Cassandra — this is a beautiful story. And it’s more than your story.
Glynn,
Yes, I know about your story. Beautiful, too. God teaches us so much through these moments, doesn’t he?
So moving, every word full of meaning, emotion, memories and hopes… from giving over my son recently when he asked to live with his dad 600 miles away (and thankfully changed his mind) to remembering childhood biscuits with butter and molasses (dark, sugary, “Suthun” goodness) to loving every morsel of Ommy Pat’s (my ex-husband’s grandmother, now deceased) angel biscuits made with yeast…
And this HCB community, absolutely as “tangible and meaningful as warm biscuits on a stormy night.”
Cheryl,
Our memories matter to us. Very, very much. And the memories we make with our children matter very much. We can give so much to them through memory. Sometimes this is a kind of battle: making the memories, no matter what.
Here is my really real post. I will try to finagle it onto the link list too.
Blessings.
http://aspiretoleadaquietlife.blogspot.com/2010/07/threads-of-love.html
Thanks for sharing your thoughts on community here. The sheep picture in your post has got me thinking. Such a great image of blogging.

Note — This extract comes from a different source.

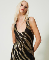 Maxi georgette tank top with Cornely gold-tone sequin embroidery with animal pattern, jersey on the back.

Better late than not at all – here’s the link to Sandra Heska King’s post on my blog today http://hisfirefly.blogspot.com/2010/07/real-stuff-real-people.html
I always enjoy Sandra’s writing. It’s like getting a hug or a chat from a friend — or both!
” crunchy crusts to tender hearts” loved that!

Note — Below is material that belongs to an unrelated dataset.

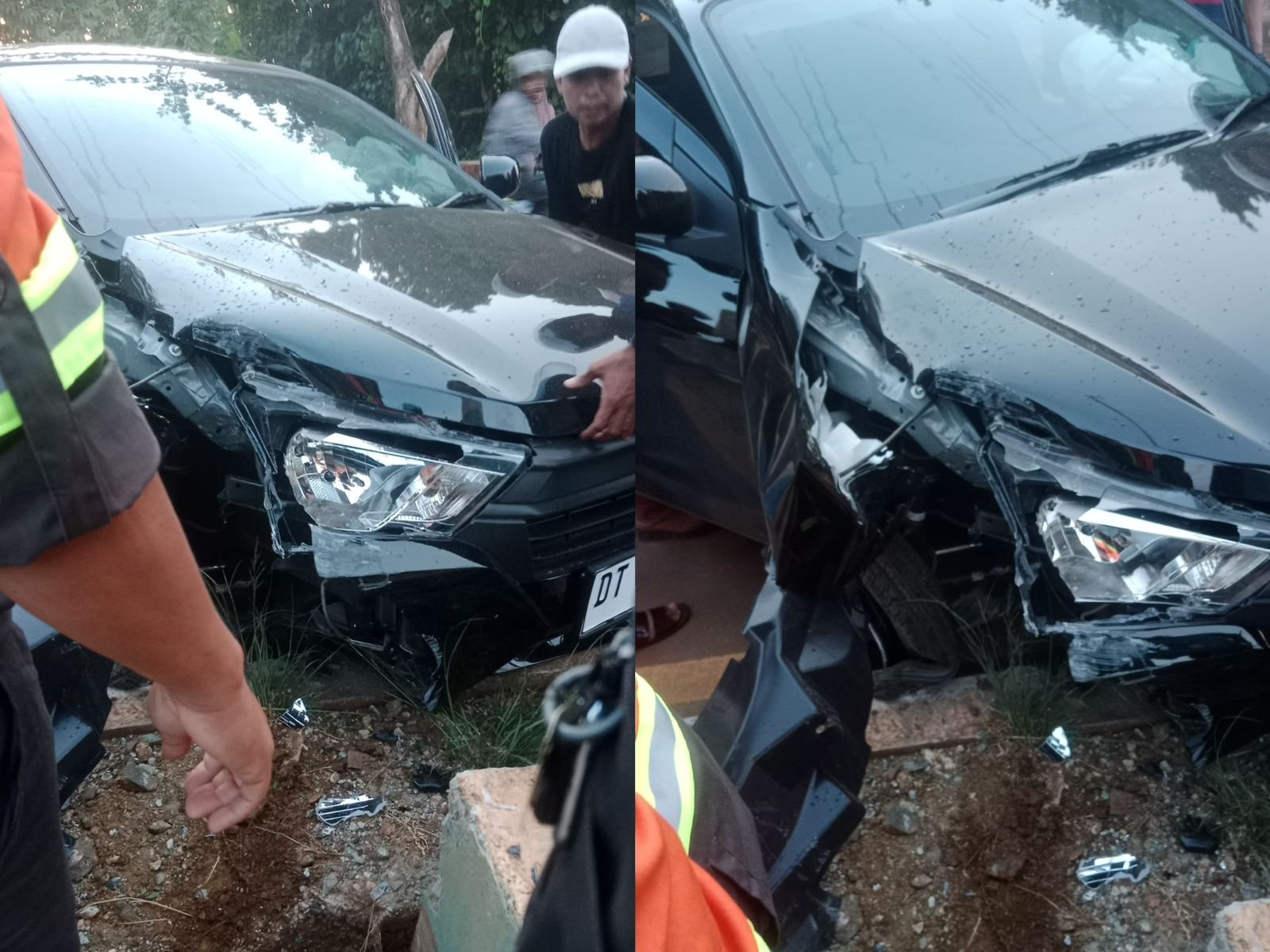 Akibat kejadian tersebut, mobil mengalami kerusakan pada bagian depan sebelah kanan, roda belakang sebelah kiri, serta airbag pada dashboard mengembang.

Cassandra, You write with such detail! Beautiful. I remember my grandmother made her biscuits from scratch, “real” biscuits. And my mother makes the same biscuits without even measuring. I am feeling a little nostalgic that I too want to learn how to make them, especially after my mom had recently asked us to get her some biscuits at a fast food place. It’s just not same as getting in the kitchen and making them and memories to go along, such as yours.
Biscuits without measuring? Now there’s a story.
Here’s the link to Karin Fendick’s (HisFireFly) post on my blog today
http://sandraking-beholding-god.blogspot.com/2010/07/so-what-is-real.html
This is such an encouraging story for all of us. We can (and do) make a difference. A very important difference right where we are. And in cyber space.
http://writingwithoutpaper.blogspot.com/2010/07/in-wills-real-place-poem.html
Powerful emotions and memories here in this post of yours, Maureen. You have felt it all deeply — love and loss both. Thanks for sharing with us.
beautiful, beautiful, beautiful
My youngest was in the NICU for a week while I was recovering in the hospital for five days from severe pre-elampsia. He was premature, and it was frightening. But God’s peace was very real, as well. I never knew what “peace that passes understanding” meant in daily LIFE until that week. Your post reminds me about how real the scare was, but also how present God was. And how letting go never really ends. Thanks for your beautiful words.
I’m hungry now, too!
Thank you, Dena.
I’m sure the experience of letting go, of danger, of loss is common to many of us. I’m grateful God doesn’t leave us alone in it, but helps us and gives us strength.
Your son is a very lucky man to have a mom like you.
)
Nikole,
Thanks, friend. You know I have my weaknesses, too. But I’ve learned that love does indeed cover a multitude of sins.